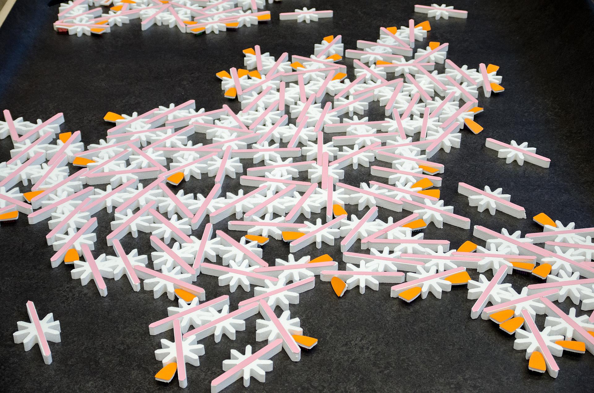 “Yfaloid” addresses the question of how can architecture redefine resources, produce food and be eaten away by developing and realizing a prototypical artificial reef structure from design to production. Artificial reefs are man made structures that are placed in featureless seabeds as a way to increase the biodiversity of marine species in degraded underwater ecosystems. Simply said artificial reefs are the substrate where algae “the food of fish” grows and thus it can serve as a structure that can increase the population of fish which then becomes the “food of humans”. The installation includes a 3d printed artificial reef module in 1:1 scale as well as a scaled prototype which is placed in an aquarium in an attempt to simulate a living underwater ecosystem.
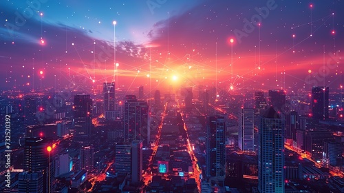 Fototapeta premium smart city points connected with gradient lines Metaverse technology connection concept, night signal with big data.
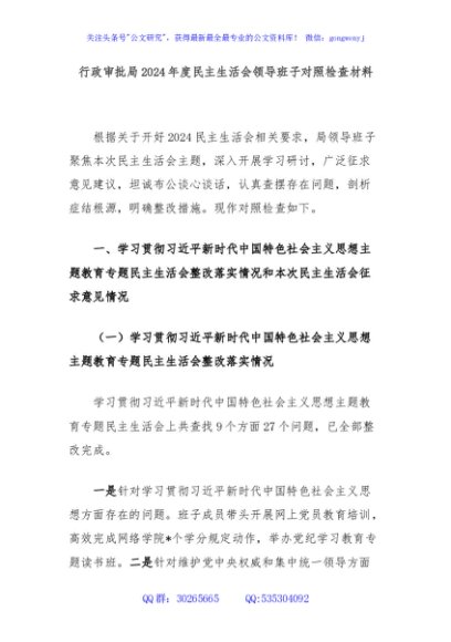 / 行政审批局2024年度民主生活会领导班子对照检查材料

[WHAT IS REQUIRED]: Only the pictures stay out; everything else in the listing above must be repeated exactly.

[OUTPUT OF THE EXERCISE]:
 “Yfaloid” addresses the question of how can architecture redefine resources, produce food and be eaten away by developing and realizing a prototypical artificial reef structure from design to production. Artificial reefs are man made structures that are placed in featureless seabeds as a way to increase the biodiversity of marine species in degraded underwater ecosystems. Simply said artificial reefs are the substrate where algae “the food of fish” grows and thus it can serve as a structure that can increase the population of fish which then becomes the “food of humans”. The installation includes a 3d printed artificial reef module in 1:1 scale as well as a scaled prototype which is placed in an aquarium in an attempt to simulate a living underwater ecosystem.
 Fototapeta premium smart city points connected with gradient lines Metaverse technology connection concept, night signal with big data.
 / 行政审批局2024年度民主生活会领导班子对照检查材料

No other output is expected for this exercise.